There is something terribly socialist about this, of course, but not only that. If the famous playboy Ilie Nastase enters Romanian politics, that is a separate story – he was still a brilliant tennis player in the 1970s. Lyubov Egorova, with six gold and three silver medals in cross-country skiing from Albertville 1992 and Lillehammer 1994, was a "star" of the early Putin, daring to break the Scandinavian dominance, but also to retire from politics in time. If Vance Amory, the dark-skinned occasional cricket champion, becomes prime minister of Nevis (from the islands of Saint Kitts and Nevis in the Caribbean Sea), it is rather amusing and resembles our Borisov - the footballer of "Vitosha" (Bistritsa) with the fewest meters, not kilometers. But all these are rather exceptions to the rule. And it is clear - There is something fundamentally immoral and abnormal in using people from sports or culture for short-term political goals.

Someone simply traded their own brand

There is actually something laughable. Populists like Radev, and almost all parties, still live in an analog world, and rightly so – they rely on the sparkling reflexes of nostalgia for the Soviet Union, when we "crushed" at the Seoul Olympics and had who knows what army. The funny thing is how they do not take into account the new digital revolution and the increasingly youthful protest energy, which completely rewrote the rules of the public, and of life – and populists still blindly believe that a successful athlete is a kind of guarantee of a successful politician. However, time passes and new generations know well that a good volleyball player, a remarkable karateka or a brilliant jumper does not necessarily mean political contribution. It simply and obviously means that someone has simply sold their own personal brand.

And you know what? This almost never leads to political added value.
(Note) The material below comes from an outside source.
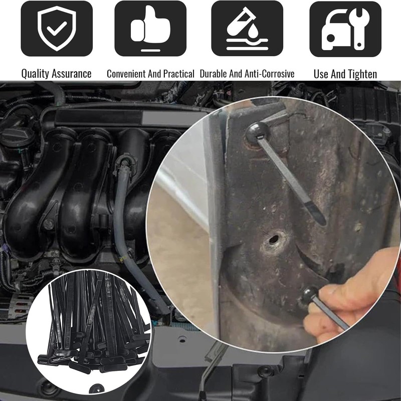 Perfect for car daily fixing, these zip ties can securely hold wires, cables, and other items in place. The universal design ensures compatibility with a wide range of uses, from automotive to home and garage projects. The self-locking mechanism enables quick installation without the need for additional tools.
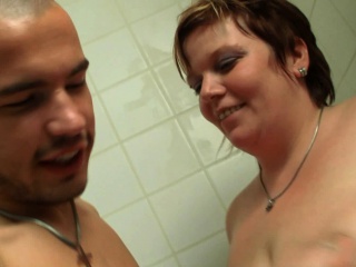 Busty plumper gives head and rides in the shower

Mainly because athletes are generally not the brightest intellectual bulbs in the big public chandelier (to put it elegantly), but also mostly because of the small account, which perfectly matches the other small account.

Since I am always a kind of Cassandra, let me warn you about something else: if we are over-read and know the humanities, especially history, we have known since the Roman Republic that we should view all homines novi (“new people“) in politics with gigantic suspicion. Yes, the existing ones are mostly unpleasant, but at least they look like a familiar evil.

And the result will still be the same

If I translate it into modern language - handing over politics to yet another "new man", supposedly self-created, will lead to exactly the same result, similar to others in our recent history. Yes, you guessed it. This result will again tend to zero in terms of investments and Bulgarian well-being in general; it will simply be a few more empty years in which the oligarchic model will be reinvented and reaffirmed, but with different names.

And then it won't be Ivet Goranova or Stefka Kostadinova's fault, that they are alive and well. You will still be the ones to blame for your thrice-damned fate and for being patients forever in room number 6 (according to Chekhov). Unless you vote, I don't know you.